MMTM: Multi-Tasking Multi-Decoder Transformer for Math Word Problems
This addresses the challenge of improving mathematical reasoning and generalizability in AI systems for educational or automated problem-solving applications, representing a strong specific gain rather than a broad paradigm shift.
The paper tackled the problem of poor performance of existing neural architectures on the adversarial math word problem dataset SVAMP by introducing MMTM, a multi-tasking multi-decoder transformer model, which achieved a 19.4% relative improvement over state-of-the-art baselines.
Recently, quite a few novel neural architectures were derived to solve math word problems by predicting expression trees. These architectures varied from seq2seq models, including encoders leveraging graph relationships combined with tree decoders. These models achieve good performance on various MWPs datasets but perform poorly when applied to an adversarial challenge dataset, SVAMP. We present a novel model MMTM that leverages multi-tasking and multi-decoder during pre-training.
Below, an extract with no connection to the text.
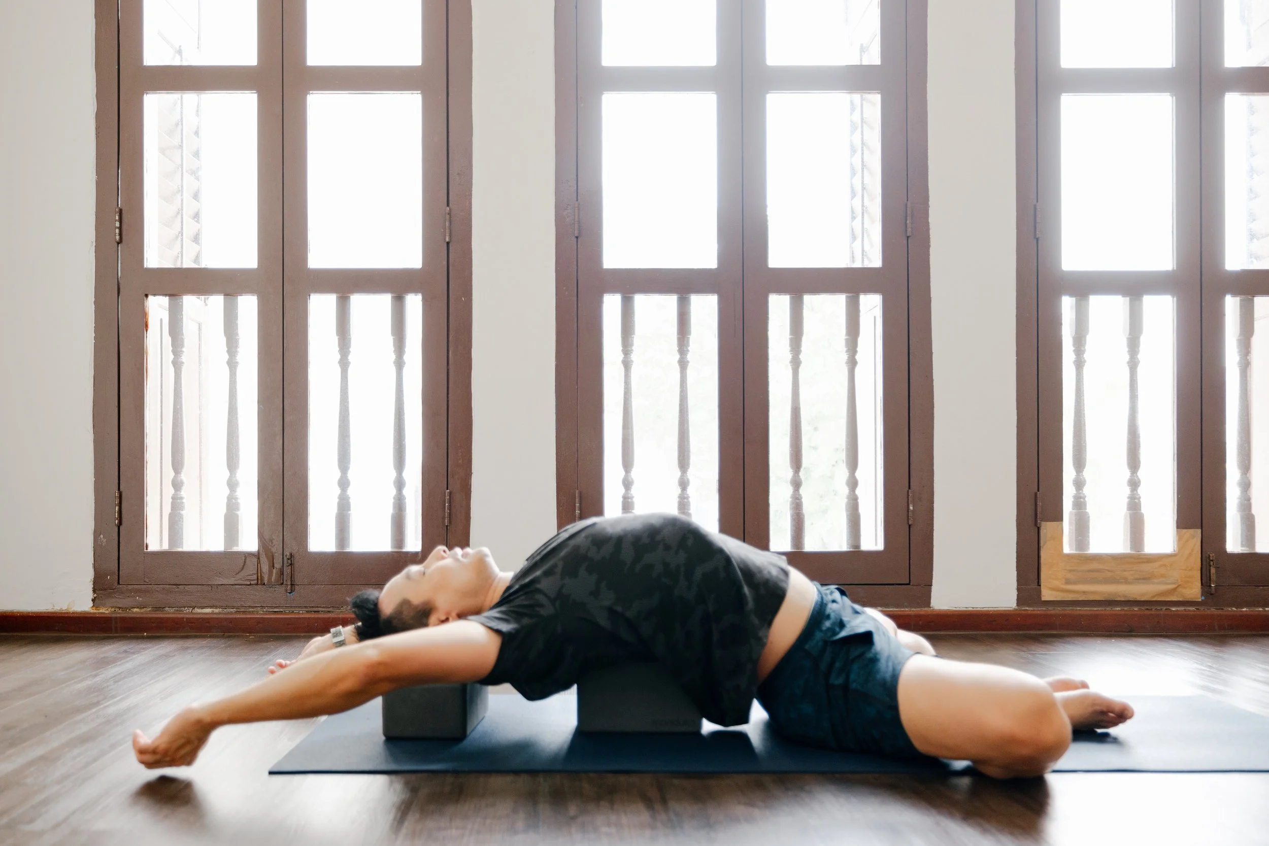 The poses in a Yin yoga class target your deep connective tissues, like your fascia, ligaments, joints, and bones. It’s slower and more meditative, giving one space to turn inward and tune into both the mind and the physical sensations of the body. Because you’re holding poses for a longer period of time than you would in other traditional types of yoga, yin yoga allows you stretch and lengthen those rarely-used tissues while also teaching you how to breathe through discomfort and sit with your thoughts.

It creates variant tasks by deriving labels using pre-order, in-order and post-order traversal of expression trees, and uses task-specific decoders in a multi-tasking framework. We leverage transformer architectures with lower dimensionality and initialize weights from RoBERTa model. MMTM model achieves better mathematical reasoning ability and generalisability, which we demonstrate by outperforming the best state of the art baseline models from Seq2Seq, GTS, and Graph2Tree with a relative improvement of 19.4% on an adversarial challenge dataset SVAMP.